The thing about proctoring state tests is you have a lot of time to think. That's really all you can do for those 75 to 90 minutes, and it's so happened that I have had several epiphanies in the past week.

1. I am prejudiced. Yes, that's right. I have a real problem with rich people. I don't like them and I'm mad at them, irrationally, which I believe is the definition is prejudice. What brought this on? Why, Paris Hilton, of course. When she stood outside the courtroom and told the world that she was being treated unfairly, I almost came up out of my body; I mean my soul nearly flew to Los Angeles just to punch her in the face. And I said to myself, since no one else was nearby, "If that had been me, I'd have been in jail three months ago." I hope she DOES have to be imprisoned in a cell THE SIZE OF MY BEDROOM and be forced to eat generic bologna and wear clothing that has never been in style. Because: welcome to MY life, Paris Hilton.

2. Feminism is dying. As I watch the girls that I teach, each day it becomes clearer to me that they do not know or appreciate just how many sacrifices their fore-mothers have made so they can dress like tarts and have sex with fifteen different boys during their sophomore year.

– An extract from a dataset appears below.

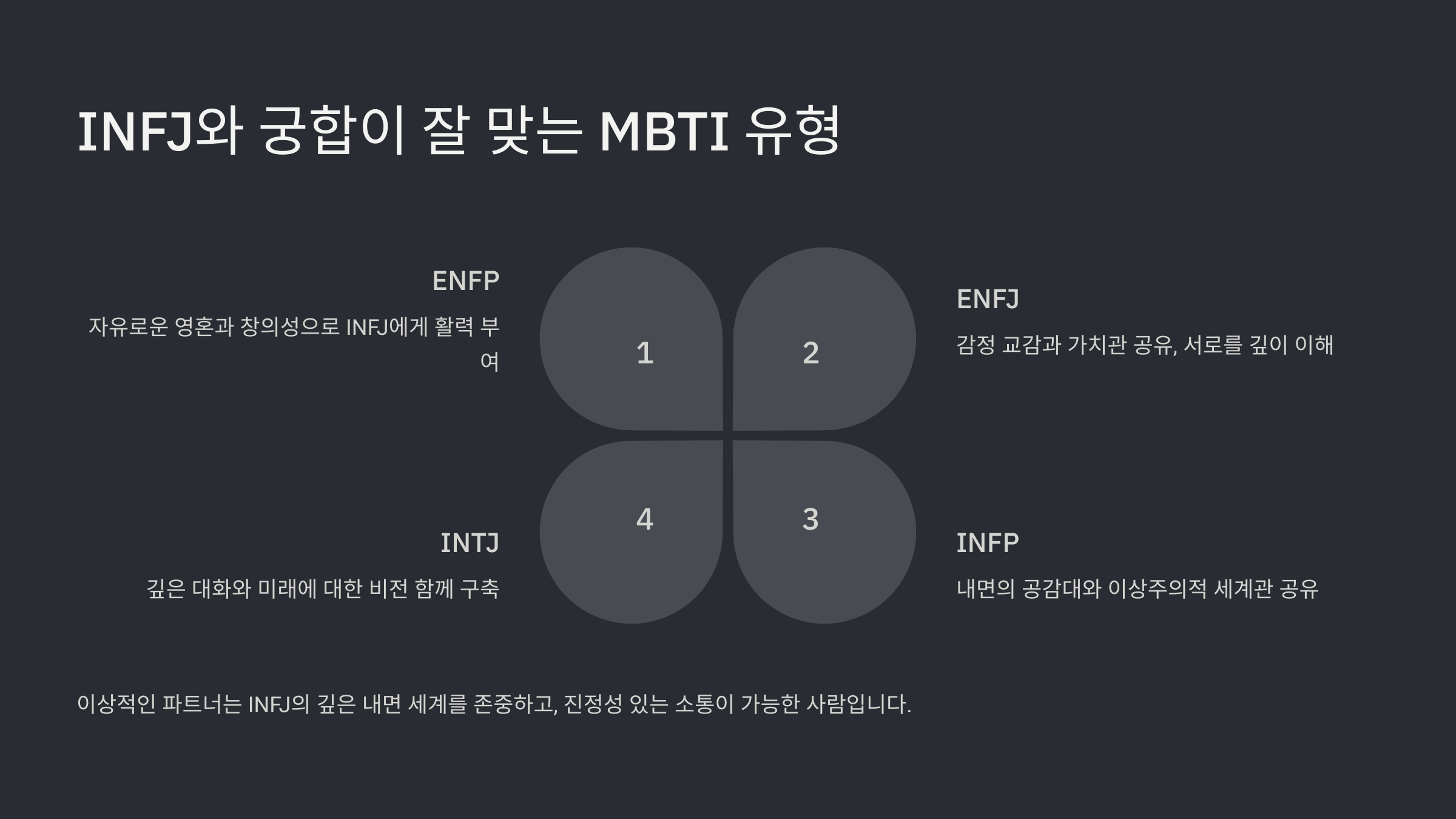 | ENFP | INFJ의 감정선을 존중하고 유쾌하게 이끌어줌 | 자유롭고 따뜻한 분위기 |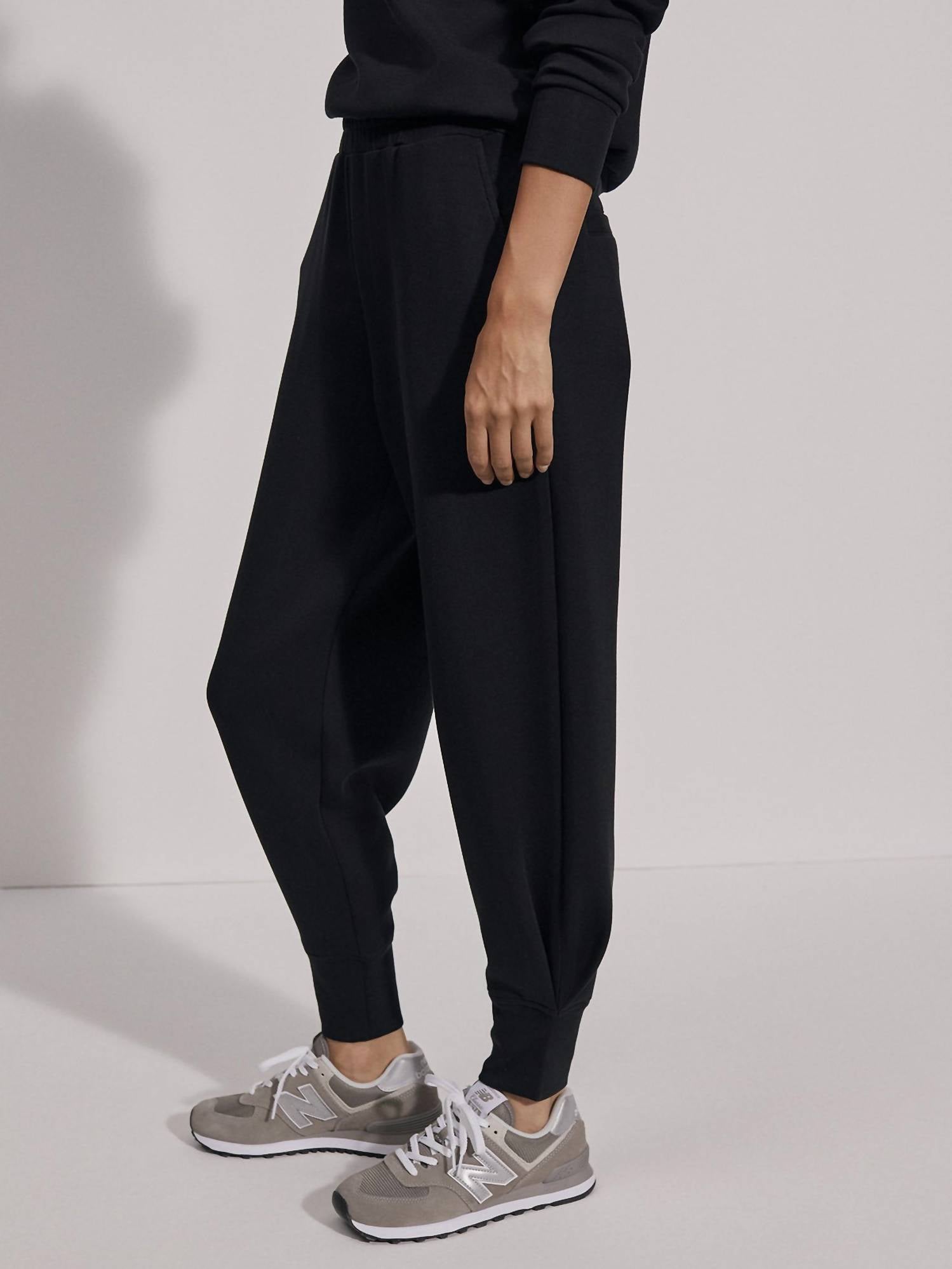 Experience the ultimate comfort with the Relaxed Pant by VARLEY, designed for women who appreciate effortless style. These black jogger sweatpants feature a comfortable mid-rise waist, tapered legs, and a solid pattern perfect for athleisure or holiday parties. Crafted from a 72% Viscose, 23% Polyester, 5% Elastane, they boast a pull-on closure for easy wear and flexibility. Inseam: 25 inches. Care: Machine wash, lay flat to dry.

Every day I see girls compete with each other for the attention of some guy who is just not worth it. Who are the role models for our young women? I can think of two: Oprah and Condoleeza Rice. But girls today don't want to be like Oprah and Condi; they want to be Pussycat Dolls and Playmates. Susan B. Anthony must be so proud.

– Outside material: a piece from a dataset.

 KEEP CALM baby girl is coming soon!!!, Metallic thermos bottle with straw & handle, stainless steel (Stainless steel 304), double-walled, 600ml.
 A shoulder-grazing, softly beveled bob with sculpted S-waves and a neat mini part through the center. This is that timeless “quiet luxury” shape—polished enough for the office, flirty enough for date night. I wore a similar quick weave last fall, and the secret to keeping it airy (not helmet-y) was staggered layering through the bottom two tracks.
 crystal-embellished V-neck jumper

3. I have this one student, X, who absolutely cannot stand another student, R. When R walks into the room, X is immediately angry with him; he doesn't have to do anything except exist, and she gets mad. She tries her best not to act on it, which I appreciate, but her facial expressions easily translate into four-letter words. "I don't know what it is, Ms. Flower," she told me one day. "There are just some people that I'll never get along with, and R is one of them."
That hit close to home with me, because I have some students whose very existence angers me. It doesn't matter what they do, I am never going to like them. And I have been feeling very guilty about that, because I kind of feel like I should have genuine affection for all of my students.
But when X said that, I realized that, if I worked in any other environment, I would not be expected to like every single one of my colleagues. Even in social situations, chances are I am not going to be friends with 100% percent of the people in the room.
So, from that day, I have forgiven myself for not loving some of my students. This does not mean that I am rude to them, or that I ignore them, or that I tell them to shut up or that I hate them; it just means that I've accepted the fact that they are going to get on my nerves, and that it's okay to feel that way. It's been quite a weight off my shoulders.

4. I don't get paid enough. This is not new information. But the other day, someone on Teachers.net asked how single teachers manage to live on one salary. She'd recently gone through a divorce and discovered that, after paying her house note and bills, she had about $20 left.
I've been dealing with this issue myself, for many years now. I was recently looking for a summer job, and several of the classified ads I read were for entry level clerical positions, all of them paying as much or more than I make as a teacher with seven years experience. So what that means is, someone with no college education and no experience can start a job at age 18 and make my salary or higher.
Do you know who else gets paid more than I do? Reality television stars. These people--and I use that term loosely--sign up for a show and then spend four months in a drunken stupor making grand jackasses of themselves, while I am toiling away in a job that nets no respect, no attention, and most of all NO MONEY.
I am over here working my tail off to make a difference in JUST ONE PERSON'S life, and don't get me wrong: I love my job. But it would be nice if I could love my job and continue to work at it without having to go into debt just to meet my basic survival needs. I mean, obviously the government could never afford to pay teachers what they're actually worth, but then again, when sub-par "actors" are pulling down $20 million a picture, or "professional" athletes are signing four year contracts worth more than $100 million dollars, I'm thinking that there's enough money in circulation to help me at LEAST be able to buy name brand cereal on a regular basis.

So, anyway, those are the thoughts I've been thinking this week. Somehow, whenever I get to thinking for a long period of time, I always get mad. This is why I try to keep the thinking to a minimum around here.